Cool Relax is the second studio album by American singer Jon B. It was released by Tracey Edmonds' label Yab Yum Records and distributed by Epic Records subsidiary 550 Music on September 16, 1997.

==Background and recording==
Cool Relax was the follow-up to his 1995 debut Bonafide. Jon assumed the role of having more creative control on his second album. On his debut, he was given leeway to write and produce, but Edmonds and her then-husband Babyface were heavily involved in the making of Bonafide. Jon was confident in the material for his new album, but fought with Edmonds and Babyface over certain songs to keep on the project.

Aside from his work, Jon sought outside production from Tim & Bob, Johnny J, David Foster and Ali Shaheed Muhammad of A Tribe Called Quest, among others. The song that became the first single "Don't Say", was written by former Boyz II Men and Az Yet member Marc Nelson. Jon overheard Nelson playing the song in the record company's parking lot and asked to record it for his album. The music video for the single featured a then-unknown Sanaa Lathan as the female love interest.

"They Don't Know" was released as the next single, with a music video directed by Christopher Erskin. The song's B-side "Are U Still Down" was also issued despite objections from the record company, as it featured vocals from the then-deceased Tupac Shakur who died when Jon started recording the album. Jon received assistance from Shakur's mother Afeni Shakur, who gave Jon permission to clear his vocals for the song. He would record a sequel to "Are U Still Down" called "Part 2" with a posthumous appearance by Shakur on his 2004 album Stronger Everyday.
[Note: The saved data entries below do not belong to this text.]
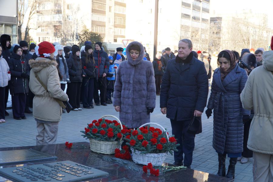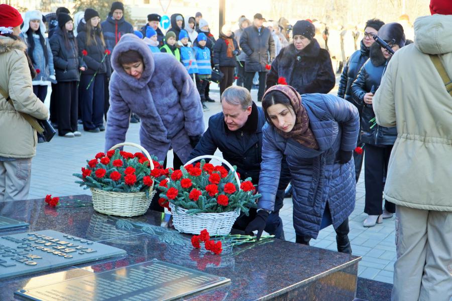 На Привокзальной площади собрались представители власти, ветеранских организаций и жители города. Они почтили память героев минутой молчания и возложили цветы к мемориалу павшим воинам.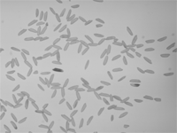 Click Remove. All the objects with an area smaller than 100 pixels have been removed from the list. The two remaining objects are the bad rice grains. |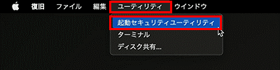 4. [ユーティリティ]をクリック後、[起動セキュリティユーティリティ]をクリックします。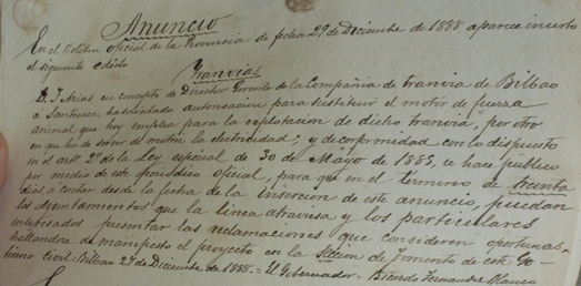 Solicitud de electrificación del tranvía de Bilbao a Santurtzi. Archivo Euskotren/Museo Vasco del Ferrocarril

The next single was the song "I Do (Whatcha Say Boo)". The song originally appeared on his demo tape prior to recording Bonafide- as did the album track "Can We Get Down". The final single was the title track, which had a remix that featured Guru from the hip hop group Gang Starr. The song was produced by Ali Shaheed Muhammad, who Jon sought out due to being a longtime fan of A Tribe Called Quest. "Pride & Joy" was originally recorded by Toni Braxton for her sophomore album Secrets, but the song never made the final track listing. Jon later recorded the song for himself, while giving her the song "In the Late of Night" for her album.

The last song on Cool Relax- "Tu Amor"- was penned by songwriter Diane Warren. Jon felt the song didn't fit in with the rest of the album and was done at the request of Epic Records in seeing the potential of the song becoming a huge hit. Almost a decade later, the song would be covered by Mexican pop group RBD for their English language album Rebels.
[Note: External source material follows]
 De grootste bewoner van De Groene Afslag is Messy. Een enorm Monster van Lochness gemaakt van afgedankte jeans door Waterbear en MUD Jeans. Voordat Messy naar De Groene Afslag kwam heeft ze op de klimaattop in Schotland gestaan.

One song that didn't make the track list was "Paradise in U". A little over a decade later, he included the song on his 2008 album Helpless Romantic.

==Critical reception==

AllMusic editor Leo Stanley wrote that while "there are a couple of mediocre songs scattered across the album, Jon B.'s second album, Cool Relax, is a step forward for the urban soul singer. For much of the time, he's able to create a seductive, sexy fusion of classic soul and rhythmic, swinging '90s hip-hop. That alone makes Cool Relax enjoyable on a surface level, but the moments that really shine are when the music, production, tunes, and songwriting all converge and result in an alluring, romantic, and bracingly modern soul. It doesn't happen all that often, but when it does, it makes the weaker moments worthwhile."

Professional ratings
Review scores
| Source | Rating |
| AllMusic |  |

==Track listing==
Credits adapted from liner notes and AllMusic.

Cool Relax track listing
| No. | Title | Writer(s) | Producer(s) | Length |
|---|---|---|---|---|
| 1. | "Shine" | Jonathan Buck; Dave Elias; | Jon B. | 4:29 |
| 2. | "Bad Girl" | Tim Kelley; Bob Robinson; Buck; | Tim & Bob | 4:19 |
| 3. | "Don't Say" | Jonathan Robinson; Marc Nelson; Darrell Spencer; | Jon-John; Nelson; | 4:48 |
| 4. | "They Don't Know" | Kelley; Robinson; Buck; | Tim & Bob | 4:34 |
| 5. | "Can't Help It" | Buck; David Kopp; Ngai McGee; | Jon B. | 4:47 |
| 6. | "Cool Relax" | Buck; Dahoud Darien; Ali Shaheed Muhammad; | The Ummah | 4:26 |
| 7. | "Are U Still Down" (featuring 2Pac) | Buck; Tupac Shakur; Johnny Lee Jackson; | 2Pac; Johnny J; | 4:27 |
| 8. | "Pride & Joy" | Babyface | Keith Andes; Pluto; | 3:37 |
| 9. | "I Do (Whatcha Say Boo)" | Buck | Jon B. | 4:46 |
| 10. | "Let Me Know" | Buck | Jon B. | 4:51 |
| 11. | "I Ain't Going Out" | Buck | Jon B. | 4:29 |
| 12. | "Let's Go (Interlude)" | Buck | Jon B. | 1:29 |
| 13. | "Can We Get Down?" | Buck | Jon B. | 5:24 |
| 14. | "Love Hurts" | Babyface | Jon-John | 4:34 |
| 15. | "Tu Amor" | Diane Warren | David Foster | 6:03 |
| Total length: |  |  |  | 69:25 |

== Personnel ==
Credits adapted from liner notes and AllMusic.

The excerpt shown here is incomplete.